Input for this task -
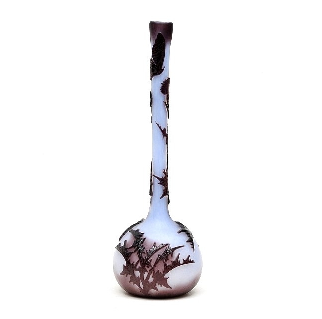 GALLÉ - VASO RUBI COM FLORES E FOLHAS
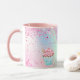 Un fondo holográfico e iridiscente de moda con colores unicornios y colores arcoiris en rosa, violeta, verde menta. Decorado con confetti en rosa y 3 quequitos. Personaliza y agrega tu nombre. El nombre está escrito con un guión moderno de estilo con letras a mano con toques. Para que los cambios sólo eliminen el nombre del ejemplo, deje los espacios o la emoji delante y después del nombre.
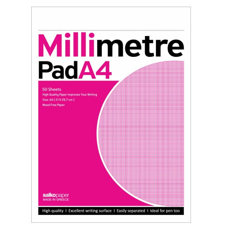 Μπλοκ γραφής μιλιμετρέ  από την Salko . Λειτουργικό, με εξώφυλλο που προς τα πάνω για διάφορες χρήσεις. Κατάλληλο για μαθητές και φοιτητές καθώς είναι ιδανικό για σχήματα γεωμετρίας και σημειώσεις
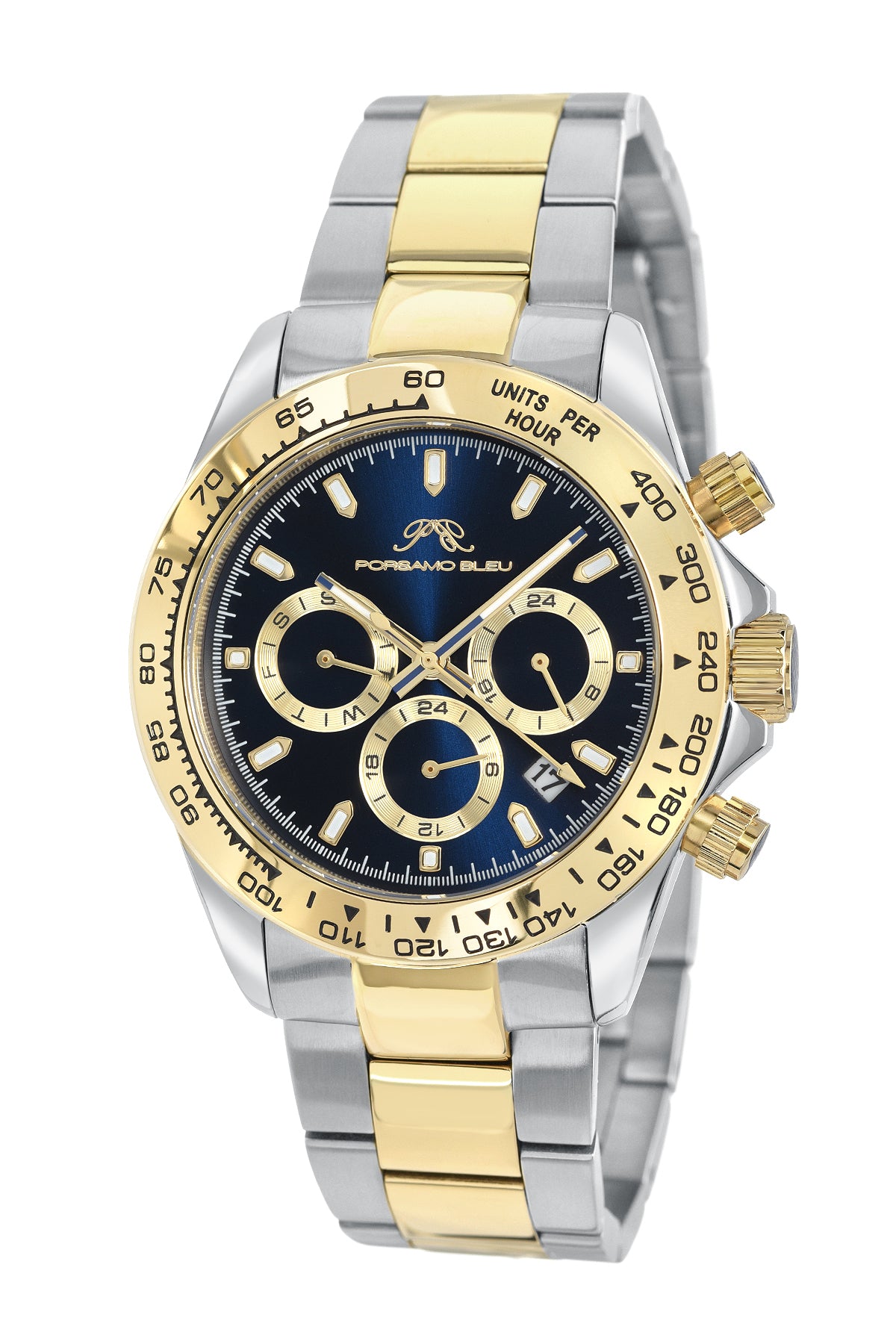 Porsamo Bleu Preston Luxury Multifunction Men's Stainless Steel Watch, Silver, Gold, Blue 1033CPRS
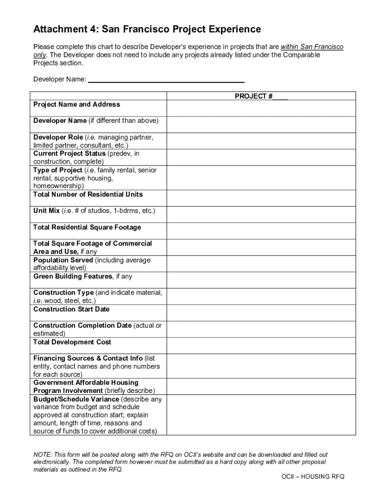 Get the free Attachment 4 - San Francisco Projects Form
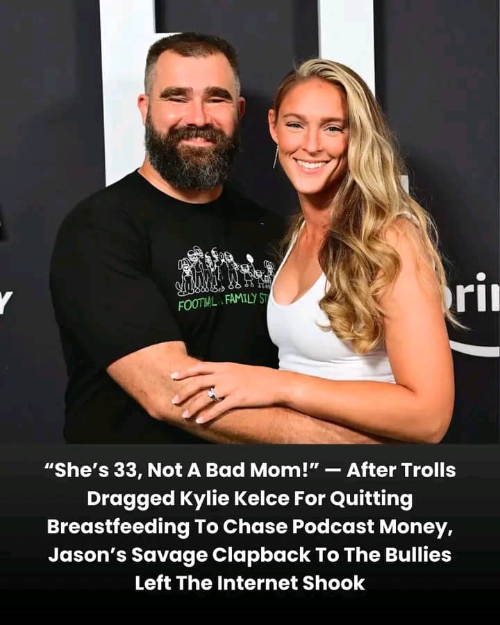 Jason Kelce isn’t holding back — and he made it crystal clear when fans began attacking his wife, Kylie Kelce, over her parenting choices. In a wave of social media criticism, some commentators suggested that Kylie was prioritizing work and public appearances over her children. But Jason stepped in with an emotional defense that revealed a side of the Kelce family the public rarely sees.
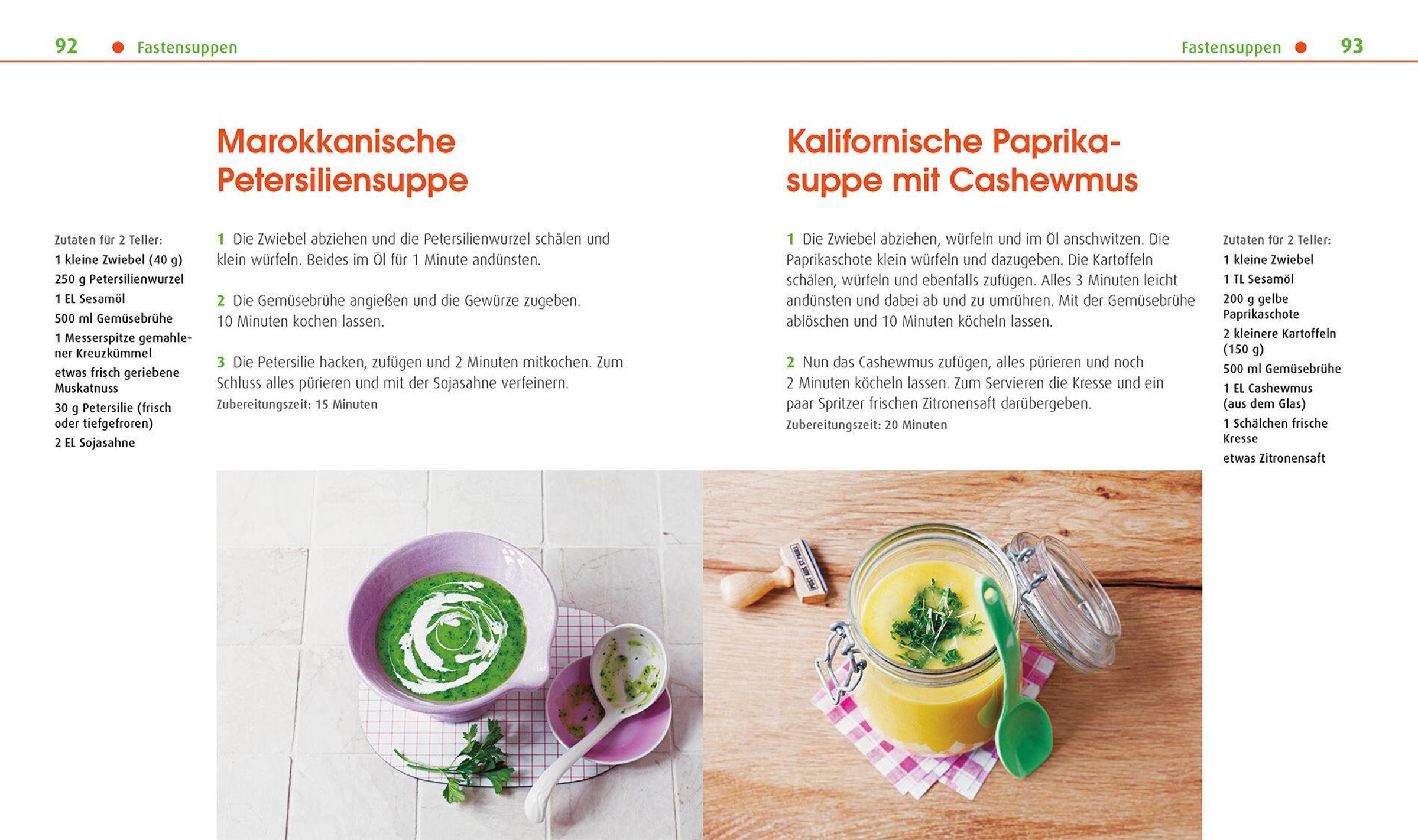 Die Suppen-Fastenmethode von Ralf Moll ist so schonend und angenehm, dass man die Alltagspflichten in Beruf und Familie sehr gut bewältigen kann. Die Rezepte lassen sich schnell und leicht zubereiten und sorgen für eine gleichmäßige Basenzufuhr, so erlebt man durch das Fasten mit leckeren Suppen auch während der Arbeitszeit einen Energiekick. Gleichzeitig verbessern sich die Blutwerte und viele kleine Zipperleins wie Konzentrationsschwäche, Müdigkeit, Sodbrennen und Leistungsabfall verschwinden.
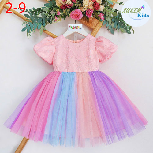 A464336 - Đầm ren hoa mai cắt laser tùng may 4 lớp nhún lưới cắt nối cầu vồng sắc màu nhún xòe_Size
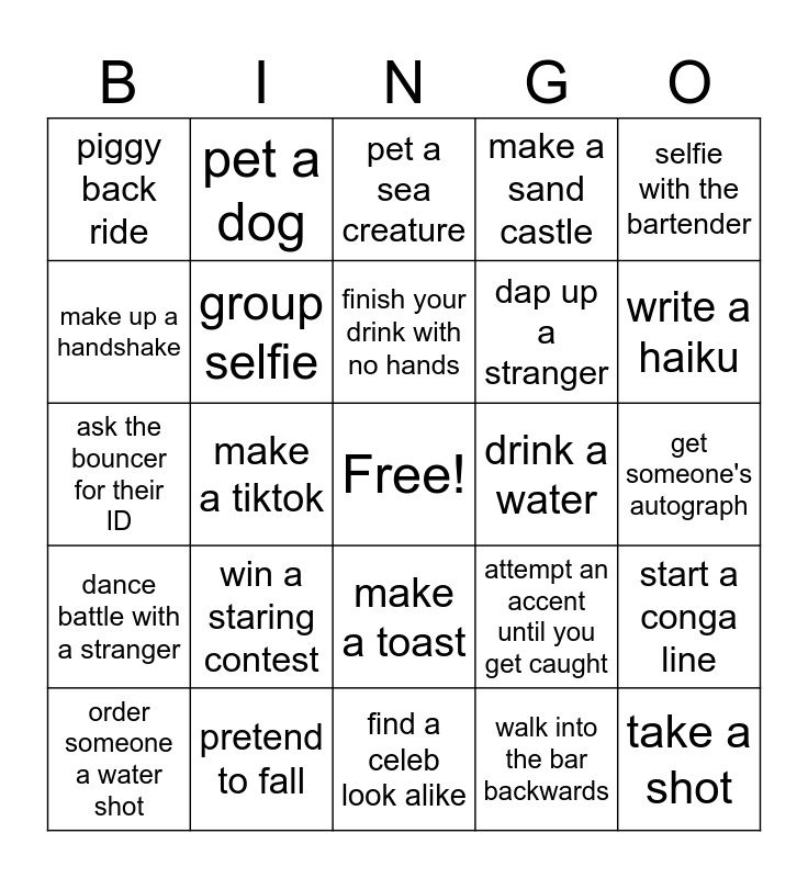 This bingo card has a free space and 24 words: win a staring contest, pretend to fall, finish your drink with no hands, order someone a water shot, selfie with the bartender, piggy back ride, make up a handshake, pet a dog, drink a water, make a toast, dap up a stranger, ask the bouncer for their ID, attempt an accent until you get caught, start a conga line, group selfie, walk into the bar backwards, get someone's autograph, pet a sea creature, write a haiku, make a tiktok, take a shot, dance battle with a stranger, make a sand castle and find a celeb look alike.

To do - Using the data above, output the line that has "Get the free", the line that has "A464336 - Đầm", and whatever lines fall between, each exactly as it stands and without pictures.

Task result -
 Get the free Attachment 4 - San Francisco Projects Form
 Jason Kelce isn’t holding back — and he made it crystal clear when fans began attacking his wife, Kylie Kelce, over her parenting choices. In a wave of social media criticism, some commentators suggested that Kylie was prioritizing work and public appearances over her children. But Jason stepped in with an emotional defense that revealed a side of the Kelce family the public rarely sees.
 Die Suppen-Fastenmethode von Ralf Moll ist so schonend und angenehm, dass man die Alltagspflichten in Beruf und Familie sehr gut bewältigen kann. Die Rezepte lassen sich schnell und leicht zubereiten und sorgen für eine gleichmäßige Basenzufuhr, so erlebt man durch das Fasten mit leckeren Suppen auch während der Arbeitszeit einen Energiekick. Gleichzeitig verbessern sich die Blutwerte und viele kleine Zipperleins wie Konzentrationsschwäche, Müdigkeit, Sodbrennen und Leistungsabfall verschwinden.
 A464336 - Đầm ren hoa mai cắt laser tùng may 4 lớp nhún lưới cắt nối cầu vồng sắc màu nhún xòe_Size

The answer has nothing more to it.